If you want to make profiler code optional at build time, gate the include and related code with a CMake-defined macro (e.g., DEEPMD_ENABLE_PYTORCH_PROFILER). This aligns with the earlier nit about conditional includes.

#ifdef DEEPMD_ENABLE_PYTORCH_PROFILER
#include <torch/autograd/profiler.h>
#endif

To confirm the correct public header for RecordProfile for your libtorch version, please check:

Which header exposes torch::autograd::profiler::RecordProfile in the PyTorch C++ API (v2.x)? Is <torch/autograd/profiler.h> the supported public include?

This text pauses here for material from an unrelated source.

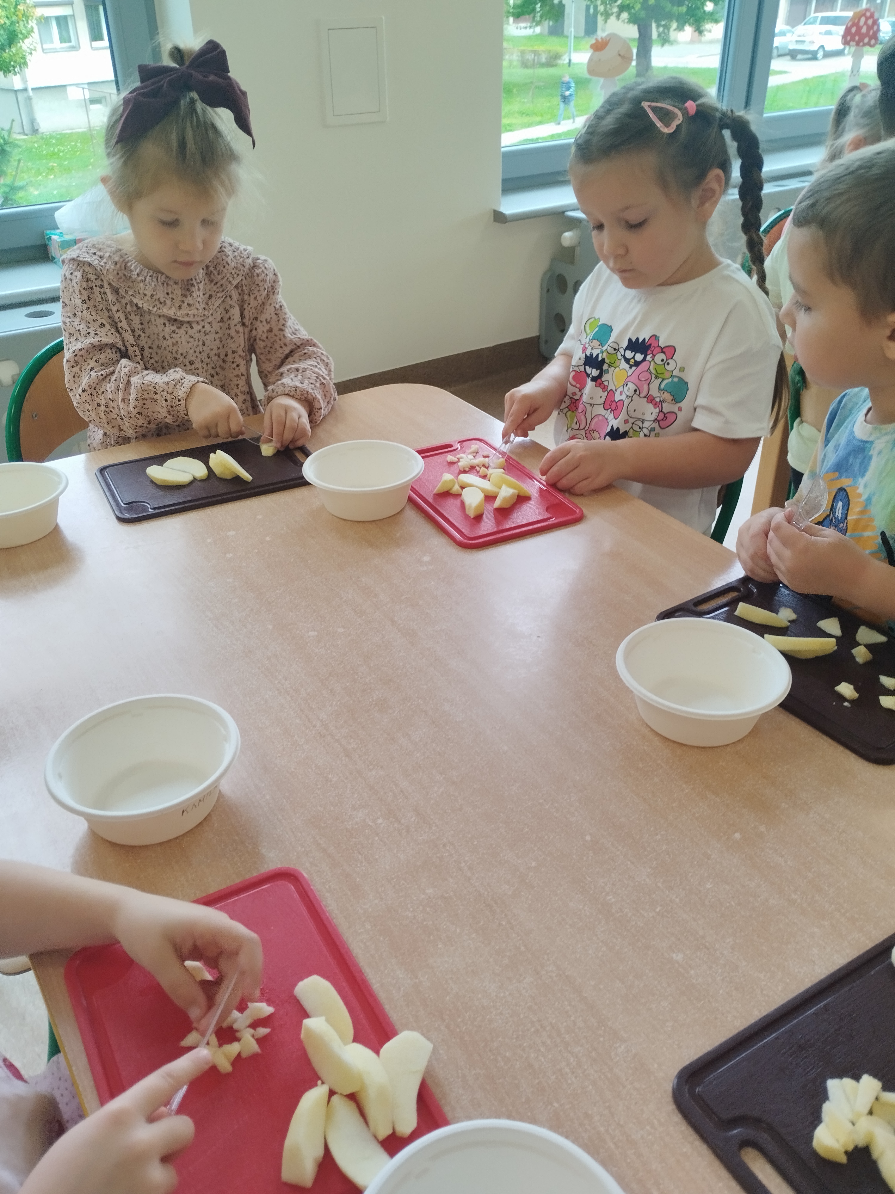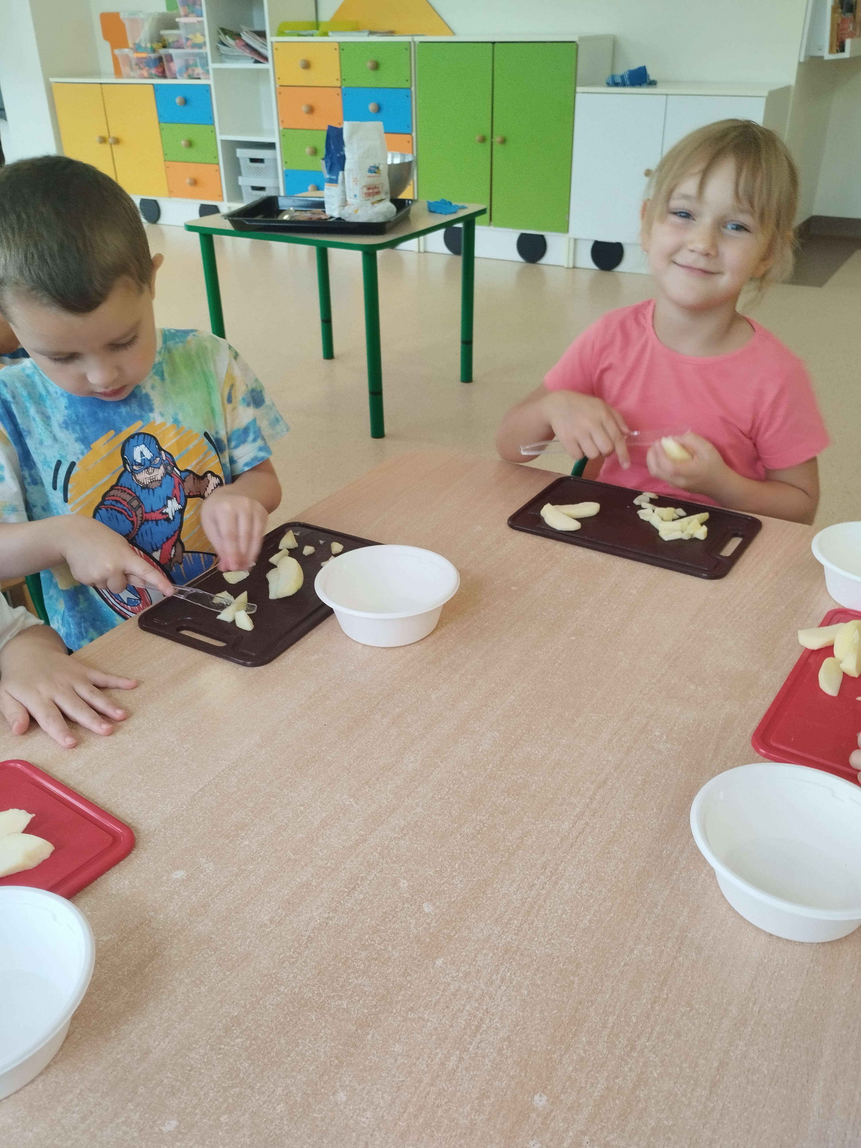 W ramach naszego programu ,,Wiem, co jem"odbyły się dzisiaj warsztaty cukiernicze. Dzieci z wielkim zaangażowaniem przygotowały składniki do wypieków. Było dużo smaku i pachniało cynamonem i jabłkami.

87-118: Switch to RecordProfile (RAII), append PID to filename, and harden path handling

This block uses impl:: types and manual enable/disable, which is fragile across libtorch releases and deviates from the issue’s ask to use RecordProfile. RAII also fixes leaks if init() throws after enabling. Additionally, append a PID suffix to avoid collisions across MPI ranks/processes and ensure parent dirs exist. Only add “.json” if missing.

Replace the whole block with:

-  // Configure PyTorch profiler
-  const char* env_profiler = std::getenv("DP_PROFILER");
-  if (env_profiler && *env_profiler) {
-    using torch::profiler::impl::ActivityType;
-    using torch::profiler::impl::ExperimentalConfig;
-    using torch::profiler::impl::ProfilerConfig;
-    using torch::profiler::impl::ProfilerState;
-    std::set<ActivityType> activities{ActivityType::CPU};
-    if (gpu_enabled) {
-      activities.insert(ActivityType::CUDA);
-    }
-    profiler_file = std::string(env_profiler);
-    if (gpu_enabled) {
-      profiler_file += "_gpu" + std::to_string(gpu_id);
-    }
-    profiler_file += ".json";
-    ExperimentalConfig exp_cfg;
-    ProfilerConfig cfg(ProfilerState::KINETO,
-                       false,  // report_input_shapes,
-                       false,  // profile_memory,
-                       true,   // with_stack,
-                       false,  // with_flops,
-                       true,   // with_modules,
-                       exp_cfg,
-                       std::string()  // trace_id
-    );
-    torch::autograd::profiler::prepareProfiler(cfg, activities);
-    torch::autograd::profiler::enableProfiler(cfg, activities);
-    std::cout << "PyTorch profiler enabled, output file: " << profiler_file
-              << std::endl;
-    profiler_enabled = true;
-  }
+  // Configure PyTorch profiler (RAII)
+  const char* env_profiler = std::getenv("DP_PROFILER");
+  if (env_profiler && *env_profiler) {
+    profiler_file = std::string(env_profiler);
+    // Avoid double ".json"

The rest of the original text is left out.